Here is my last ditch attempt to understand what is happening with a bit of code 
I have seen this blog post which describes ctrees
in a very understandable manner (for me in any case :). Unfortunately they do not go into the variable importance in great detail 
According to the original authors 1, 2, the Z data-frame or conditional grid described in the original paper is a data-frame where the columns are the rules of the individual rules of each decision tree. Here is where i get lost again :).

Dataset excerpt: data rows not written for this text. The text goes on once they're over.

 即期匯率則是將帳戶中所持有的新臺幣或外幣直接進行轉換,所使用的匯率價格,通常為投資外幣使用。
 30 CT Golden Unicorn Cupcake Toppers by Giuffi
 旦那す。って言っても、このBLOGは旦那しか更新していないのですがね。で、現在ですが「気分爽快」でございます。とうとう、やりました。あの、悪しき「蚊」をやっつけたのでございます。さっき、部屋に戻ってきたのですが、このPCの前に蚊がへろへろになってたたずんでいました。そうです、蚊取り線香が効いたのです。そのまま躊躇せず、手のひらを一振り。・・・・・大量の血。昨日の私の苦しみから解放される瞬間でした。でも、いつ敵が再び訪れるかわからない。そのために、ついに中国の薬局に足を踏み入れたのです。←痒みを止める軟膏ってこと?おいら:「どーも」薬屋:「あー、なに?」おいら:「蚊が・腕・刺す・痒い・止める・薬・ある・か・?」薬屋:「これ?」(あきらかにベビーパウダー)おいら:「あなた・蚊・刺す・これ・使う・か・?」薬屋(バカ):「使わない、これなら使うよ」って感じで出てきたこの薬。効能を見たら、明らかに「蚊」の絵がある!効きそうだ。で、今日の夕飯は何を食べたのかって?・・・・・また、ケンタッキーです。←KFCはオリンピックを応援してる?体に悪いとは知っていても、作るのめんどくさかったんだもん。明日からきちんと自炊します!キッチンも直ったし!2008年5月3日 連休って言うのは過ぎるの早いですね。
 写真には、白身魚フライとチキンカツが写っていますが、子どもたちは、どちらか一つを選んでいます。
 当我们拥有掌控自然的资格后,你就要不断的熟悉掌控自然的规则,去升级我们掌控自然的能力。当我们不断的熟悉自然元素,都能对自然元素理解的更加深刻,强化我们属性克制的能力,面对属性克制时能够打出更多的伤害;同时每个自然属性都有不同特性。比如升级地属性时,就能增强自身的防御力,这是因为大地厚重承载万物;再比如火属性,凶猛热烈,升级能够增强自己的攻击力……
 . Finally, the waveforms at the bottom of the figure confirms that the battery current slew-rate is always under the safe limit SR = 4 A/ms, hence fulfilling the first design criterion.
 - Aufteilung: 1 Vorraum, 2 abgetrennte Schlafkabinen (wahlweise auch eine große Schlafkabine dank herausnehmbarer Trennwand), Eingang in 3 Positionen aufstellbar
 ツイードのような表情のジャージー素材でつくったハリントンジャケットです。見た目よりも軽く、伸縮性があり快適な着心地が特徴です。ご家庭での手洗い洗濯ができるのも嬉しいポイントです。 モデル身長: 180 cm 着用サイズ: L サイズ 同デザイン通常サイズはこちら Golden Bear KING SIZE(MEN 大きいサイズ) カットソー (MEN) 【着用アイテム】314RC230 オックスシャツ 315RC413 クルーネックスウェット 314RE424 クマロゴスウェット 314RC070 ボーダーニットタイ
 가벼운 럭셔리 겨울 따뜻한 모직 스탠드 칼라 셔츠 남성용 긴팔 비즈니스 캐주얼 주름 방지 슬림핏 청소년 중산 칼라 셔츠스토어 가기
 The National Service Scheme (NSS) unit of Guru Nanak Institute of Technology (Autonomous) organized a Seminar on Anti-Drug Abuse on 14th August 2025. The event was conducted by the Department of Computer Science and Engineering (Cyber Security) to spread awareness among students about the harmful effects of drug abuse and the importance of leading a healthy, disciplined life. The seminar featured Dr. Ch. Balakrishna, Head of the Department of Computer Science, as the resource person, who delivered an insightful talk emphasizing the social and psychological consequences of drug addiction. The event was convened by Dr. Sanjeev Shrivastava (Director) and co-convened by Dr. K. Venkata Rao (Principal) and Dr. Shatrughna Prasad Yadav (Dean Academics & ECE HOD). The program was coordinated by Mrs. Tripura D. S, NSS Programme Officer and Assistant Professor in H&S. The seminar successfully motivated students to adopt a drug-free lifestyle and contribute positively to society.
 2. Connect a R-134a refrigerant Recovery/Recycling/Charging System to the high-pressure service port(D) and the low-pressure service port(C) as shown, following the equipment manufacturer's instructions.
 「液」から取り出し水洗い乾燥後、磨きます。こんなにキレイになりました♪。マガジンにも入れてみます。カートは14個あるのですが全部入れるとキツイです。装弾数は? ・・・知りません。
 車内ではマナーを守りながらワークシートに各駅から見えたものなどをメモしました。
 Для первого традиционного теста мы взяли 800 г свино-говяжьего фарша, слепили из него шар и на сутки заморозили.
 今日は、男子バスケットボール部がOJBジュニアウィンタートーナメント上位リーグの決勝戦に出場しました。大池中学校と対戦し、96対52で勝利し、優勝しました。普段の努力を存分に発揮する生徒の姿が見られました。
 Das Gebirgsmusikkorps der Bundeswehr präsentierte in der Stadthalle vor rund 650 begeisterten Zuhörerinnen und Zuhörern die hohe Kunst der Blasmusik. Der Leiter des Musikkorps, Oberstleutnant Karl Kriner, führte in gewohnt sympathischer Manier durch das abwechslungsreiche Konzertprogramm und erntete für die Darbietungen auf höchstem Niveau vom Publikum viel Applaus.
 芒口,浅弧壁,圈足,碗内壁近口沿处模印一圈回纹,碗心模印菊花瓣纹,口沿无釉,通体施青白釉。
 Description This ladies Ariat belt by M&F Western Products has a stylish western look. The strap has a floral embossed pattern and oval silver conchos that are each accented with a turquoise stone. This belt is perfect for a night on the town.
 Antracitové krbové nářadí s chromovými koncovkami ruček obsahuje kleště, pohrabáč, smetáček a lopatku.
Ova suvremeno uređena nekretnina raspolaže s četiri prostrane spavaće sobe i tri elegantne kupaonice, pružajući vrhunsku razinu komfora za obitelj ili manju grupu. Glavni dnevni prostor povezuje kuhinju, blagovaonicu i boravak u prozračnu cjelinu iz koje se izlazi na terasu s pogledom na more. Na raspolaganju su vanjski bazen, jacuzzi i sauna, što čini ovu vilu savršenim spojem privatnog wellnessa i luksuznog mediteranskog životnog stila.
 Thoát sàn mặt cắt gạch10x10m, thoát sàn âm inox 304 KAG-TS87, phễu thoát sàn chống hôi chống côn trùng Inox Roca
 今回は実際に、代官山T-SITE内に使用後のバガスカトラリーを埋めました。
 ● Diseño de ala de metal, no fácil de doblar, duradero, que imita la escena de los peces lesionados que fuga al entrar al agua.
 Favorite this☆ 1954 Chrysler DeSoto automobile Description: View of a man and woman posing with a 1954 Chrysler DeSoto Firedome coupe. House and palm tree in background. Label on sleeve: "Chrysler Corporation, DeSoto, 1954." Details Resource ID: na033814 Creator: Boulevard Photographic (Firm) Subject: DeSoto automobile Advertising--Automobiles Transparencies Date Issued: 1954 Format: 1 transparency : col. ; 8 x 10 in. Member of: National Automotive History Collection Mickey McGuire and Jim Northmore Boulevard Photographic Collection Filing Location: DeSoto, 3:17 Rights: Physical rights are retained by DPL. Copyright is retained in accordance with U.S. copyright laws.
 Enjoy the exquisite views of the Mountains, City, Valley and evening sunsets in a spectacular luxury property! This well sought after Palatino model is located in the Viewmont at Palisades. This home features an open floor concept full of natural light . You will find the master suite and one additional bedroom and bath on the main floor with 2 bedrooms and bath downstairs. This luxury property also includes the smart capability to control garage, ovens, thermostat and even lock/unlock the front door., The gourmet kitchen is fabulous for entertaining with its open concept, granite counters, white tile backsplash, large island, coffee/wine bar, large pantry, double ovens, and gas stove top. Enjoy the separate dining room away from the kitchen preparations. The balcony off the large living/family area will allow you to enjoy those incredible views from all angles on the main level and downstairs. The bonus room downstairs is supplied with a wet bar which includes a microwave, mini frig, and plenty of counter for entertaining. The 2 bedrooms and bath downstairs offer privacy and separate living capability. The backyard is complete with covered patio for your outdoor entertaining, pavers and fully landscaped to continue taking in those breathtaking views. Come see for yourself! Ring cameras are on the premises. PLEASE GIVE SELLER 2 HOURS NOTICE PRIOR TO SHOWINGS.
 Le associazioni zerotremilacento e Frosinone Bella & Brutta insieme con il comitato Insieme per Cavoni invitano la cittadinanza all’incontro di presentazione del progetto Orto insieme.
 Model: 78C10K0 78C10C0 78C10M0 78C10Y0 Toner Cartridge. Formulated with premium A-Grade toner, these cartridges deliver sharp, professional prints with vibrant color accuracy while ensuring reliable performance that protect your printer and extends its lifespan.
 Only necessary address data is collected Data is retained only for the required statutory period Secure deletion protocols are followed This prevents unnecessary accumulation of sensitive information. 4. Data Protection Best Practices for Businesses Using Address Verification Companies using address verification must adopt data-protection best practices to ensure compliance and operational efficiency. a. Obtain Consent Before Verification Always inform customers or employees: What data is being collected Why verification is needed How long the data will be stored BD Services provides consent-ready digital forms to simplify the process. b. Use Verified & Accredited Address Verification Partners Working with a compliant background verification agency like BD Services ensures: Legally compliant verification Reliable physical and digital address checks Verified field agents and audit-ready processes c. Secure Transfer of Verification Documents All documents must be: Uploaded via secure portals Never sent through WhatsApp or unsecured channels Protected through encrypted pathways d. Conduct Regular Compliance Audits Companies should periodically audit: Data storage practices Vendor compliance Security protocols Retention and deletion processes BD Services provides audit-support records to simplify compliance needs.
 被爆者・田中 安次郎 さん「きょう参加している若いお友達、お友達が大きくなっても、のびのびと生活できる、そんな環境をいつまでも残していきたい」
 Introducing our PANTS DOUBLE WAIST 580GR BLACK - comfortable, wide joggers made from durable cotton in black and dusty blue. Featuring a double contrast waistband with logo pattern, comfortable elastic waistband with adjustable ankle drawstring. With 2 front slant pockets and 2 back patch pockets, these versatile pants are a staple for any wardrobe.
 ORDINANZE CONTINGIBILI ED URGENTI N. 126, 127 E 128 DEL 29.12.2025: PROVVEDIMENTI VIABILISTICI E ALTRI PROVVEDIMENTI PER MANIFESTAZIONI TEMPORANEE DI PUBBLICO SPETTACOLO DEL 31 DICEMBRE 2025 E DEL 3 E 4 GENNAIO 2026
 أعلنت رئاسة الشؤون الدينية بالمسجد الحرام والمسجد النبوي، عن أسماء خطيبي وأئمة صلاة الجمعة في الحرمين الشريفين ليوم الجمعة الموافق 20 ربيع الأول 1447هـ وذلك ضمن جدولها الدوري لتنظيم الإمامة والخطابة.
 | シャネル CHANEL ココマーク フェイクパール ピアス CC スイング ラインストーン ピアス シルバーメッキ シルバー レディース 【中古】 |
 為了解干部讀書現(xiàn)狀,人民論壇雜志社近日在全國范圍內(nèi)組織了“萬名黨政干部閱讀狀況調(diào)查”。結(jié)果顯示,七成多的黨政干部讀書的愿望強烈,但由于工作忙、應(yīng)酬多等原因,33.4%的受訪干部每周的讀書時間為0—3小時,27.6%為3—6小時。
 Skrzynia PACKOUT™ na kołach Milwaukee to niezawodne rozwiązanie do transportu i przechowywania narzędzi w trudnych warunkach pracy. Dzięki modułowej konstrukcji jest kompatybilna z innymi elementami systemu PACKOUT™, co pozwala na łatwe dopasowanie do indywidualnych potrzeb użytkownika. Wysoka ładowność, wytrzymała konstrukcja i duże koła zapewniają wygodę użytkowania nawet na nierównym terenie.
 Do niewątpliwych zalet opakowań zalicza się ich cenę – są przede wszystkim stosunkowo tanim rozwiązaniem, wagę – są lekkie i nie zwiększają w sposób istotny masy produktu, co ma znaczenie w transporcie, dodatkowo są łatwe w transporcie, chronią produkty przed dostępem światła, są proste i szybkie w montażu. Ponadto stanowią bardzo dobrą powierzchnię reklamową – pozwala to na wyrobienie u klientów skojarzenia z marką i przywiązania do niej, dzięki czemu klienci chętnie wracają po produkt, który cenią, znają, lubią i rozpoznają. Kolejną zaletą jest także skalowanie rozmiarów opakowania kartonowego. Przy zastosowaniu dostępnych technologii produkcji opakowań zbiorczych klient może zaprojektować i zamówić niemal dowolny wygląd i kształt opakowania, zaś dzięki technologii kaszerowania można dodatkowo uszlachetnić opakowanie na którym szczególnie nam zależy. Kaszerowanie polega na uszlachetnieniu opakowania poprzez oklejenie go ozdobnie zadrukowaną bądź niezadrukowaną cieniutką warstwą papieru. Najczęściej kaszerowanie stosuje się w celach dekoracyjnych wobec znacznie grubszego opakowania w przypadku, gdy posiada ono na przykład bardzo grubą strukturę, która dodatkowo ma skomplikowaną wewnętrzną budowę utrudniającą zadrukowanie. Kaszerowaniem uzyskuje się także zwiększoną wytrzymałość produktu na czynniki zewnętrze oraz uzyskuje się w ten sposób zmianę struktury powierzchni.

The paper says
The set of variables Z to be conditioned on should contain all variables that are correlated with the current variable of interest X_j. In the varimp
function,this is assured by the small default value 0.2 of the threshold argument: By default, all variables whose correlation with X_j meets the condition 1 - (p-value) > 0.2 are used for conditioning. A larger value of threshold would have the effect that only those variables that are strongly correlated with Xj would be used for conditioning, but would also lower the computational burden.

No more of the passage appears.